_Available data:_
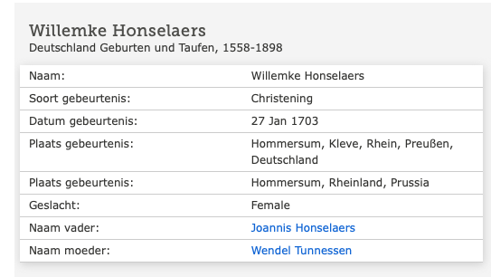 Wilhelmina - Willemke Honselaers doop
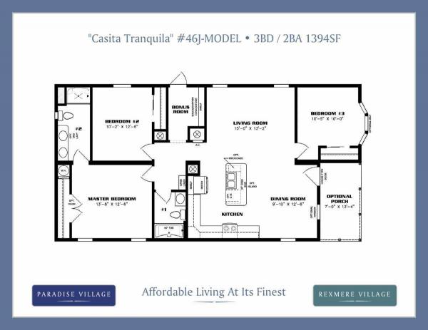 Casita Tranquila is a beautifully finished, brand-new three-bedroom, two-bath home that combines a warm, inviting interior with the rare peace of mind of a full warranty covering both the home itself (by the manufacturer) and its stainless steel appliances. A charming half-porch welcomes you inside, where the home opens into a generous open-concept living, dining, and kitchen area that flows comfortably for everyday living and entertaining. Soft natural-linen colored walls and warm barnwood-style vinyl plank flooring create a calm, cohesive feel throughout the home. A charming round bay window adds architectural character while bringing in additional natural light to one of the three bedrooms. The kitchen features lovely white all-wood shaker cabinetry with tasteful hardware, a full suite of stainless steel appliances including a standard 19.2-cu-ft refrigerator, smooth-top range with built-in microwave above, and ample counter and cabinet space. A center island keeps the cook part of the conversation during meal prep and casual gatherings. The split-bedroom floor plan offers privacy and flexibility, with the primary suite set apart from the guest bedrooms. The primary bath includes dual sinks and a walk-in shower with built-in seating, while the guest bath features a full tub. Clean lines, a neutral palette, and a thoughtful layout make this home easy to enjoy now and simple to personalize over time. Finally, like all homes in this desirable lakeside community, you will appreciate central air and heat, off-street parking (side-by-side in this home's case), your own outdoor storage shed, and access to Paradise Village's extensive recreational amenities including clubhouse, fitness center, tennis and basketball courts, sauna, heated oversized pool complex, lake recreation, and more.
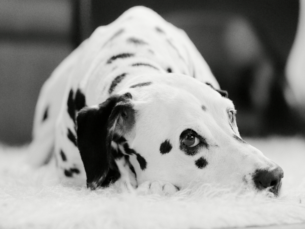 Description: A dalmatian dog laying on a white rug looking at the camera with a sad look on its face.

_Task description:_ Since the pictures are not wanted, give the material again exactly without them.

_Answer section:_
 Wilhelmina - Willemke Honselaers doop
 Casita Tranquila is a beautifully finished, brand-new three-bedroom, two-bath home that combines a warm, inviting interior with the rare peace of mind of a full warranty covering both the home itself (by the manufacturer) and its stainless steel appliances. A charming half-porch welcomes you inside, where the home opens into a generous open-concept living, dining, and kitchen area that flows comfortably for everyday living and entertaining. Soft natural-linen colored walls and warm barnwood-style vinyl plank flooring create a calm, cohesive feel throughout the home. A charming round bay window adds architectural character while bringing in additional natural light to one of the three bedrooms. The kitchen features lovely white all-wood shaker cabinetry with tasteful hardware, a full suite of stainless steel appliances including a standard 19.2-cu-ft refrigerator, smooth-top range with built-in microwave above, and ample counter and cabinet space. A center island keeps the cook part of the conversation during meal prep and casual gatherings. The split-bedroom floor plan offers privacy and flexibility, with the primary suite set apart from the guest bedrooms. The primary bath includes dual sinks and a walk-in shower with built-in seating, while the guest bath features a full tub. Clean lines, a neutral palette, and a thoughtful layout make this home easy to enjoy now and simple to personalize over time. Finally, like all homes in this desirable lakeside community, you will appreciate central air and heat, off-street parking (side-by-side in this home's case), your own outdoor storage shed, and access to Paradise Village's extensive recreational amenities including clubhouse, fitness center, tennis and basketball courts, sauna, heated oversized pool complex, lake recreation, and more.
 Description: A dalmatian dog laying on a white rug looking at the camera with a sad look on its face.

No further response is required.